In 1983, with Jim Clark at the helm, the Gee-Gees had fallen from their usual perch in the top of the OQIFC standings and found themselves winless midway through the season. It was at this time that Ottawa and Carleton were involved in a scandal where the teams were docked two points after swapping game tapes with each other, a practice that was only reserved for the playoffs.

===Jim Daley era (1985–90)===
The hire of local product Jim Daley helped the Gee-Gees return to grace after struggling under Clarke. Daley led his team to the Dunsmore Cup final in 1989.

===Larry Ring era (1991–97)===
The team continued to be a national powerhouse during the early and mid-1990s. The teams led by former Concordia Stinger Larry Ring won three consecutive Dunsmore Cups in 1995, 1996, and 1997.

In the 1997 season, the team went on to play in the Vanier Cup, they lost to the UBC Thunderbirds 39–23. Following the season, the Gee-Gees were stripped of their Dunsmore Cup and Churchill Bowl for the play of ineligible players.

===Marcel Bellefeuille era (1998–2000)===
Following the team's sanctions, the Gee-Gees brought in Marcel Bellefeuille to become to new head coach. Building off of the powerful teams of the Ring era, Bellefeuille got to work building another contending team to hopefully break the school's Vanier Cup drought.

====2000 Vanier Cup Champions====
Loaded with the best Gee-Gees team in a handful of years, the 2000 Gee-Gees finally had a squad that resembled the power of the 1975 team. Led by Hec Crighton winning quarterback senior Phil Côté, the team powered through the OQIFC and into the Dunsmore Cup finals. Côté suffered an ankle injury that looked to be the nail in the coffin for the team. Backup QB James Baker took over leading Ottawa to a 20–15 win over McMaster on the road in Hamilton.

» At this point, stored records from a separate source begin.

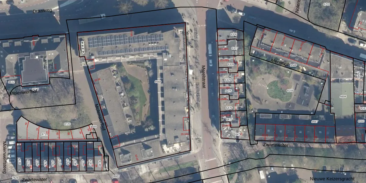 Merelstraat 46 is gelegen op kadastraal perceel LWR01C8568. Deze kadastrale aanduiding is uniek en wordt gebruikt door het Kadaster om eigendomsrechten en andere zakelijke rechten vast te leggen. Het perceel maakt onderdeel uit van de kadastrale gemeente Lauwerecht.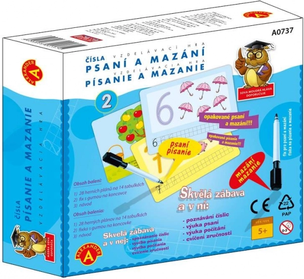Igra Pexi pisanje in brisanje – številke prinaša 14 obojestranskih tablic z 28 učnimi motivi, ki korak za korakom vodijo otroke do samozavestnega pisanja številk 1–14. Prekinjene črte olajšajo vajo oblik, tematske sličice pa pomagajo pri razumevanju količin. Zaradi površine, ki jo je mogoče obrisati, lahko otroci napake zlahka popravijo in naloge izpolnjujejo znova in znova.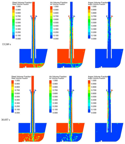 Predicted phase volume fraction contours for steel, air, and argon phases at 13.249 and 30.057 s on the symmetry plane.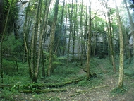 s'enfonce dans la forêt, vite surplombé de blocs de rochers en équilibre.
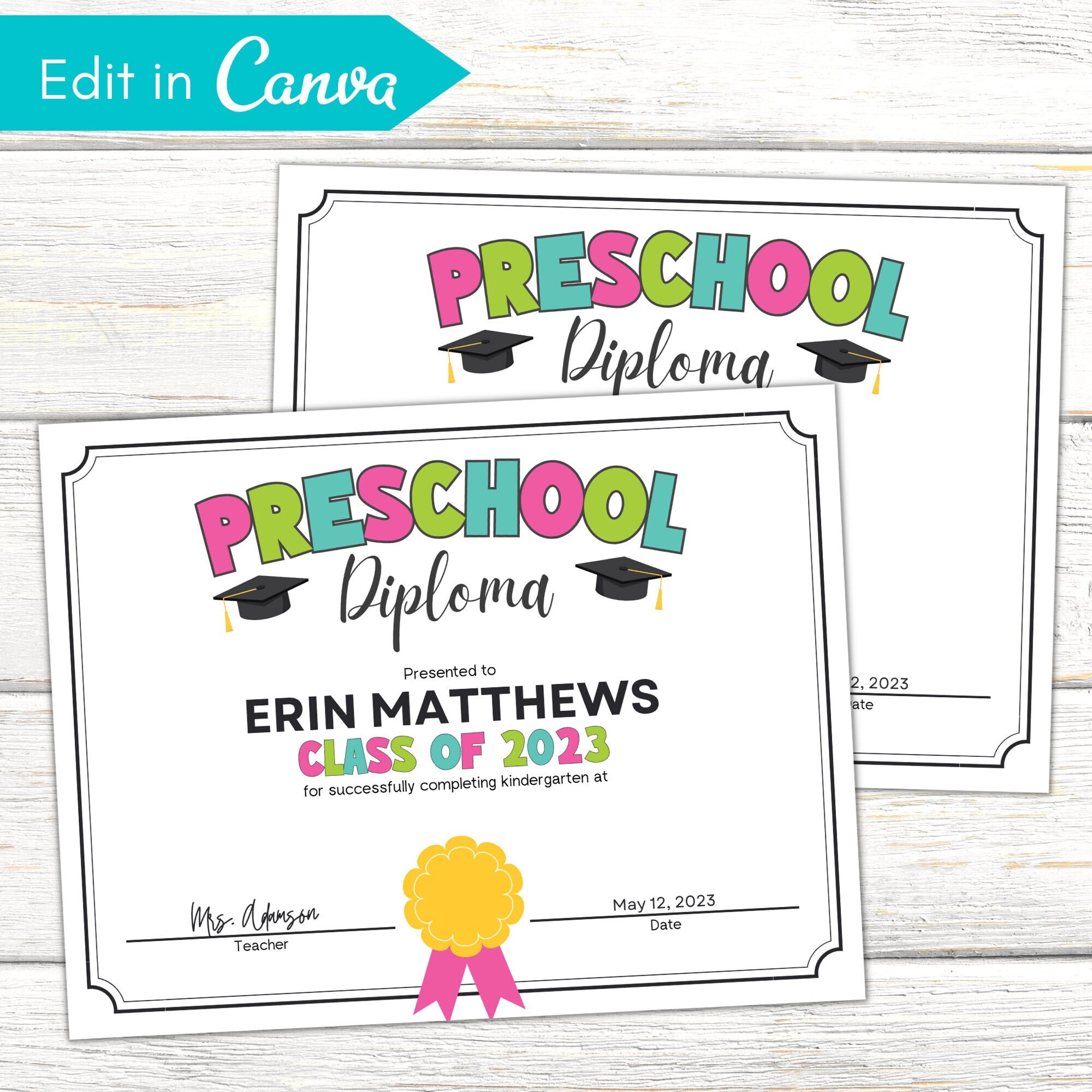 Preschool Diploma Template Preschool Graduation Printable Etsy

With a berth in the 36th Vanier Cup, the Gee-Gees once again had the chance to bring a second national title to the school, this time they would be successful. With one of the highest scoring finals, the Gee-Gees became champions again after downing the Regina Rams 42–39.

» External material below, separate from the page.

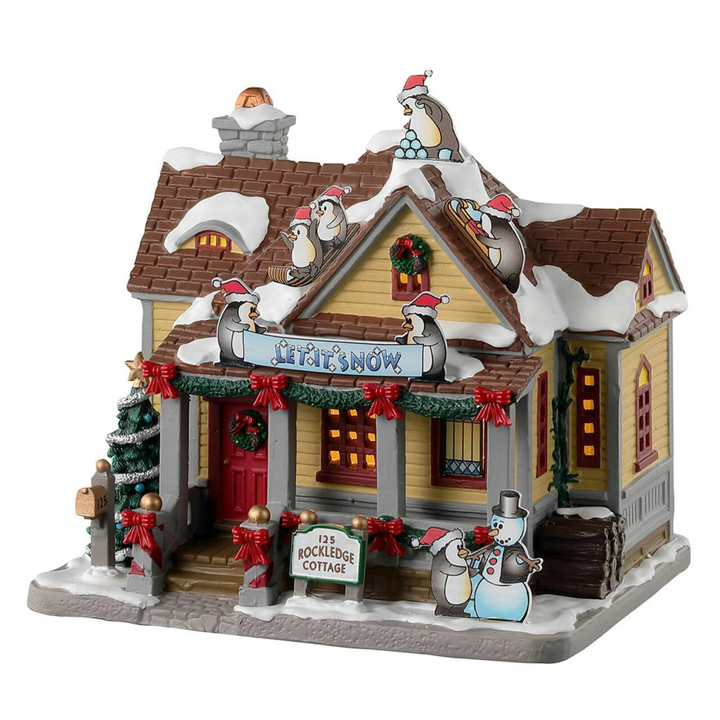 Welcome to the whimsical world of Rockledge Cottage, where holiday magic and adorableness unite! Standing at approximately 6.69 inches tall, this delightful lighted building is adorned with fanciful Christmas decorations, capturing the hearts of all who encounter it. This year’s theme features delightful penguins engaging in playful antics—sledding and making snowballs—all while sporting their festive red hats. Their child-like joy brings an air of enchantment to the cottage’s exterior, inviting passersby to pause and admire the festive spirit.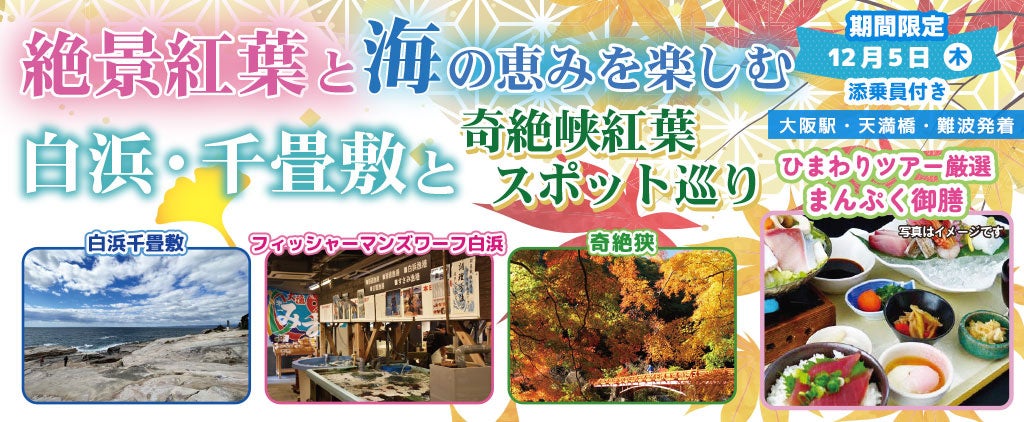 お一人様9,800円!〈大阪駅・天満橋・なんば発着〉12月5日(木) 絶景紅葉と海の恵みを楽しむ白浜・千畳敷と奇絶峡紅葉スポット巡り。〈添乗員付き〉日帰りバスツアーのオンライン販売を開始しました。

Côté threw two touchdowns and was awarded the Ted Morris Memorial Trophy for MVP of the game. Defensive back Scott Gordon won the Bruce Coulter Award for his performance in the backfield.
Bellefeuille then departed from the team, to join the CFL ranks, where he has coached since. He is currently the Wide Receivers Coach for the BC Lions.

In 2001, the team reached the Yates Cup after a move to the OUA, the Gee-Gees ran into a McMaster team ready to exact revenge from the prior year and defeated the team 30–22.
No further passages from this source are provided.